As the Apple iPhone faces unprecedented competition in global market, understanding the symphony of sentiments it evokes can shape its novel direction. By rigorous methodology, this study aims to offer insights that reach beyond this research, with potentials for the possible design of future iPhones.

2.Literature Review

2.1.Sentiment Analysis

Sentiment analysis is a crucial natural language processing (NLP) technique that plays a significant role in our digitalized world. As social media platforms like twitter, Facebook, and online communication channels have become indispensable means of giving reviews and expression, the rapid emergence of vast amounts of unprocessed data necessitates efficient analysis to understand human psychology and sentiments. The paper by Pansy Nandwani and Rupali Verma [2] emphasizes that sentiment analysis is a technique that identifies polarities in texts by human and determines whether the writer holds positive, negative, or neural position towards subjects and locations. As one of the two important part of the Natural Language Processing (NLP), sentiment analysis focuses on polarity assessment and emotion detection delving into identifying specific human emotions like anger, happiness, or sadness [2]. Therefore, the use of sentiment analysis is vital for our research in analyzing the reviews of apple product.

2.2.Twitter

Twitter is one of the most prominent social media platforms, with over 450 million active users and 500 million daily tweets as of 2023 [3]. Users on this platform express their thoughts and engage with content by posting short texts known as "tweets." Twitter has unique features including retweets, mentions, and replies allow users to show their reactions and interactions with each other's tweets [4].

Twitter's specific characteristics make it an optimal resource for sentiment analysis. With its vast user number and the ability to share short messages, twitter serves as an irreplaceable platform for emotions and thoughts, providing considerable data for sentiment assessment. Furthermore, Twitter's open accessibility and Application Programming Interfaces (APIs) makes the data collection much easier, allowing people to gather a more diverse range of real-time data with less effort. In various distinct fields, Twitter’s dynamic characteristic and ease of access make it an optimal choice for sentiment analysis in various research domains. Users can apply for developer accounts and obtain authentication keys to access Twitter data, which includes tweets and user profiles [4]. The versatility of Twitter data collection methods, including API usage, manual data collection, and leveraging data from commercial sources, makes it a valuable asset for a wide range of research inquiries [4].

2.3.Bert Models

BERT stands for Bidirectional Encoder Representations from Transformers. The BERT model we used is designed to pre-train deep bidirectional representations from unlabeled text, making it unique compared to previous language models. Unlike its predecessors, BERT considers both left and right context in all layers, allowing it to capture more comprehensive language understanding. This bidirectional approach enables BERT to an optimal choice in various natural language processing tasks with minimal task-specific modifications [5].
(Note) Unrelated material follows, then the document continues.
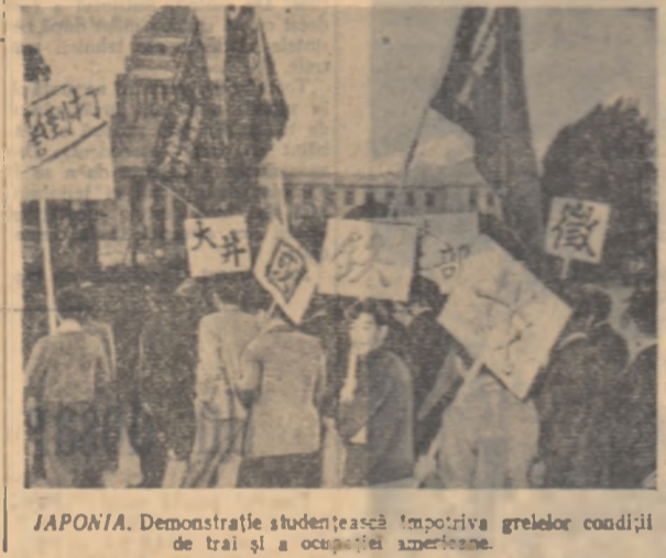
JAPONIA. Demonstrație studențească împotriva greilor condițiilor de trai și a ocupației americane.

BERT's straightforward conceptual framework and effective performance have established it as a fundamental tool in natural language processing. It outperforms other models in various tasks like answering questions, deducing language relationships, and gauging sentiment. BERT's adaptability is a key feature, achieved by initially training on unlabeled data and then fine-tuning for specific tasks using labeled data. This adaptability makes BERT an excellent choice for analyzing sentiment in tweets about the iPhone 14, as it can effectively capture the subtleties involved in sentiment classification tasks [5].

3.Methodology

Social media has emerged as a pivotal platform for communication, fostering robust user engagement and boasting an extensive user base. Among its manifold applications, social media has proven to be an invaluable tool for the promotion of the automobile industry. In a particular research endeavor, Twitter was selected as the primary data source due to its pervasive influence and rich repository of user-generated content. Regrettably, free access to the Twitter API has been curtailed in response to concerns over bots and malicious activities. This restriction has further limited unverified users to a daily quota of 1000 tweets, impeding unfettered data retrieval.

To circumvent these constraints, our research turned to a Kaggle dataset generously provided by the user "TLEONEL".( iPhone 14 Tweets [July / Sept 2022 +144k English] | Kaggle). This dataset encapsulates a corpus of Twitter data pertaining to the highly anticipated iPhone 14 model. Comprising an impressive 144,000 tweets, this dataset furnishes a comprehensive panorama of the English-language discourse surrounding the iPhone 14. It offers a nuanced understanding of public sentiments, discussions, and speculations leading up to the device's launch, and extends into the aftermath of the event. Notably, the dataset was last updated on September 9th, encompassing post-launch deliberations that transpired after 1pm ET on September 7th. This meticulously curated dataset forms the cornerstone of our research, providing a robust foundation for comprehensive analysis and insights into the reception and perception of the iPhone 14 within the digital sphere.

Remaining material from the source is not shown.